Abortive Progress launch not to affect ISS operation

MOSCOW, August 24 (Itar-Tass) —— The abortive launch of a Progress transport ship on Wednesday, August 24, will not affect the operation of the International Space Station (ISS) and its crew, the Federal Space Agency (Roscosmos) said.

“The abortive launch of the Soyuz-U carrier rocket and the failure to put the Progress M-12M transport ship to the designated orbit will not influence support the life and work of the crews of the 28/29th expeditions to the ISS,” the agency said.

“Stocks of food, water and life support systems allow the crew to operate for a long time,” it said.

A source in rocket and space industry said earlier in the day that the ISS crew has sufficient supply of oxygen, food and other materials.

It said that “after 350 seconds of the flight a drop in pressure in the fuel tanks was registered, after which contact with the spacecraft was lost.”

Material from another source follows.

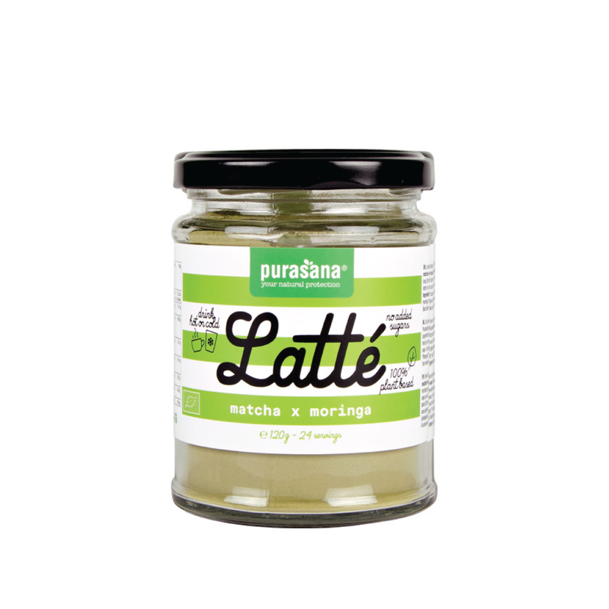 purasana matcha moringa latte take a latte break with our matcha/moringa latté. sugar-free and 100% plant-based. matcha is a green tea powder and an excellent source of vitamins and minerals. it is distinctive and its richness in nutritional contributors rightly makes it a superfood. the leaves and fruits of the tree moringa have extremely high nutritional value. it is richer in essential vitamins and minerals than many other superfoods.

Roscosmos also confirmed that the Progress transport ship that blasted off from Baikonur, Kazakhstan, has failed to reach the target orbit.

“According to preliminary information, during the launch of a Soyuz-U carrier rocket with a Progress M-12M transport ship aboard on August 24, the engine malfunctioned in the third stage on the 325th second, which resulted in its emergency deactivation,” Roscosmos said.

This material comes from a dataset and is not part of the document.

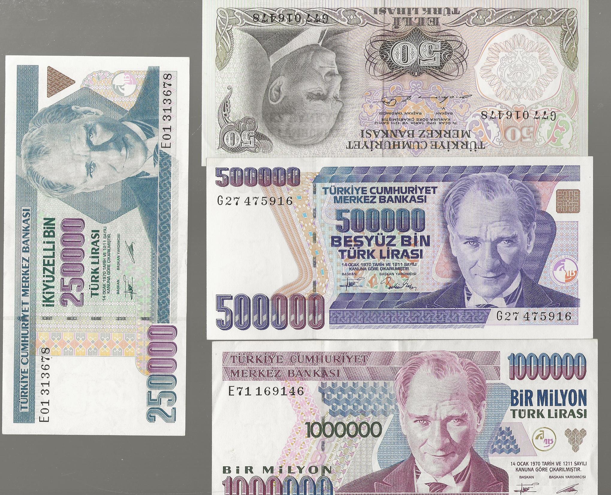 TURKEY BANKNOTES X 4 Year: 0Condition: CRISP AND CLEAN ALL HAVE VERY LIGHT FOLDS BUT THE 1000000 IS MORE PRONOUNCED SKU: 35302Price: £3.00£3.00

“The transport ship Progress M-12M has not been put to the designated orbit,” it said.

The Soyuz-U carrier rocket with the Progress M-12M ship aboard was launched by Roscosmos crews at precisely the scheduled time – 17:00 Moscow time, the Mission Control Centre told Itar-Tass.

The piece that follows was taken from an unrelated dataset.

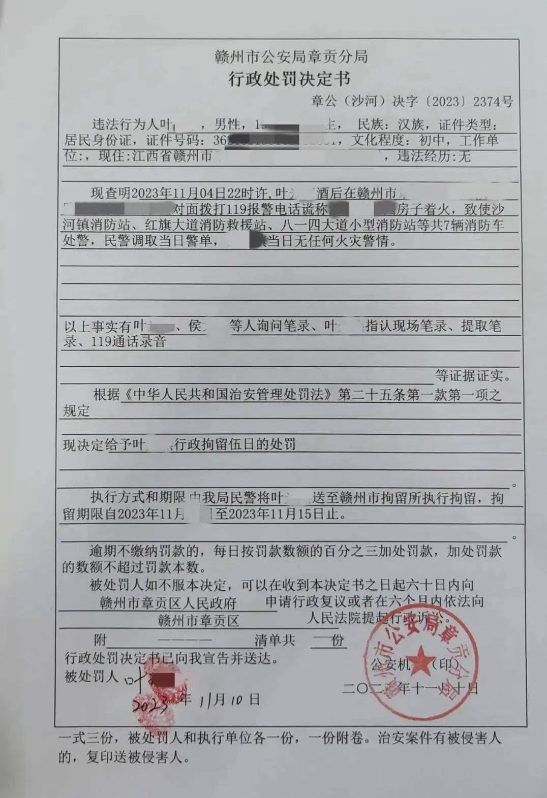 最终叶某被公安机关

The transport ship will deliver more than 2,6 tonnes of supplies, including food, water, fuel, equipment, and presents, to the International Space Station (ISS) in two days.

It is scheduled to dock with the ISS at 18:38 Moscow time August 26.

Currently, there is a crew of six working aboard the ISS: Andrei Borisenko, Alexander Samokutyayev and Sergei Volkov of Russia, Ronald Garan and Michael Fossum of the NASA, and Satoshi Furukawa of Japan.

This is the fourth transport ship launch this year. The fifth one is scheduled for autumn.

Initially it was planned that after the end of U.S. space shuttle flights, Russia would send 4 manned and 6 transport ships to the ISS annually, but rocket and space industry specialists said the sixth transport ship might be launched to the ISS early next year.

“This year Russian ships, the European ATV, the Japanese HTV and the last shuttles brought all the necessary supplies to the station and there is no need to send one more transport ship at the end of the year,” the Mission Control Centre said.

However no postponement has been officially announced so far.